We developed Vagal Toning Breathwork® (VTB) as a practice that can incorporate a multitude of specific breathwork benefits into a single application in a short amount of time, typically only 10-20 minute a day. This is what we offer all our students as a daily practice to reverse engineer the damage stress has caused on our lives, and to bring ourselves back into optimal health and well-being at the energetic/cellular level. You can learn more about it and find a free version on our homepage by subscribing to our free minicourse. Or if you want the full experience of the benefits of breathwork, you can join our online course Transcendnetal Breathwork here.

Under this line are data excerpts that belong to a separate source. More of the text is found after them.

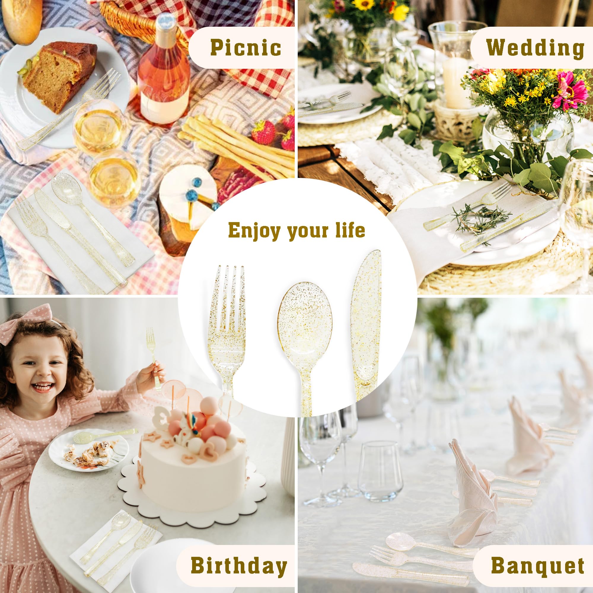 【Multi-Functional Use】: Gold plastic silverware is suitable for a variety of occasions and uses, whether it is used for formal meals,wedding, baby shower, birthday, holiday, family gathering engagement party, picnics, etc. This disposable silverware is able to add a romantic and special atmosphere to these special occasions, attracting people's attention.
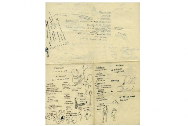 Manuscrisul poetului Gherasim Luca licitat la Paris conţine două pagini de jocuri de cuvinte. Acestea sunt ilustrate cu o serie de chipuri realizate de Luca în cerneală.
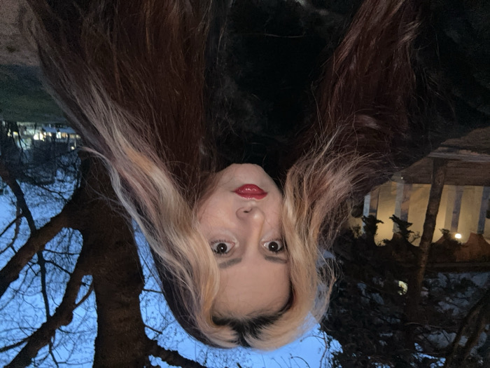 A bust-level, front-facing portrait of a female individual is captured outdoors under deep blue twilight conditions. The individual has long, wavy, multi-toned hair, featuring dark brown, reddish-brown, and prominent blonde streaks, particularly on the left side of her head. She wears red lipstick and dark eye makeup, maintaining a direct gaze towards the viewer. Her attire consists of a black or dark-colored, high-collared, textured garment. The background on the left reveals a section of a building with an illuminated arched colonnade or portico, featuring light-colored pillars. Several dark coniferous trees partially obscure the building. On the right, a large deciduous tree with visible skeletal branches stands against the sky. Beyond the trees, a park-like area with grass and distant artificial lights is discernible. The scene is located in Sofia, Bulgaria, specifically in the vicinity of the National Art Gallery (former Royal Palace) and the surrounding City Garden.

Benefits we can receive from Vagal Toning Breathwork that directly relate to COVID-19:

  • Management over stress and anxiety and bringing our ANS into balance
  • Increased Nitric Oxide levels, thereby potentially inhibiting the reproduction cycles of SARS-Coronavirus
  • Better breathing, which opens up our nasal passageway and reduces the harmful effects of mouth breathing and apnea
  • Improved respiratory function and lung strength
  • Increased BOLT score which increases VO2 max 

Suggestions to prevent the spread and strengthen your resilience to Coronavirus:

  • Breathe through your nose only, especially in public places. Try not to talk in crowded areas like the grocery store.
  • Tape your mouth at night. Yes, this is a common practice.
  • Do breathing exercises for 
    • Reducing stress, 
    • Strengthening the immune system & 
    • Strengthening the respiratory system
    • Building NO.
  • Do cold therapy (we will talk about this more in part 2.)

Brian Assam is a certified breathwork facilitator, kundalini and vinyasa yoga instructor. Along with his partner Alecia Heimes, we run Breathe and Believe and mentor people to well-being, peak performance and optimal health through breathwork and mindfulness. We have hosted hundreds of events to thousands of people on the transformational, healing and empowering powers of breathwork and the mind-body-energy connection. We are not doctors nor medical professionals. These statements have not been approved by the FDA, and in no way should be seen as a cure or overall prevention from viruses such as SARS, Coronavirus, other viruses or chronic disease.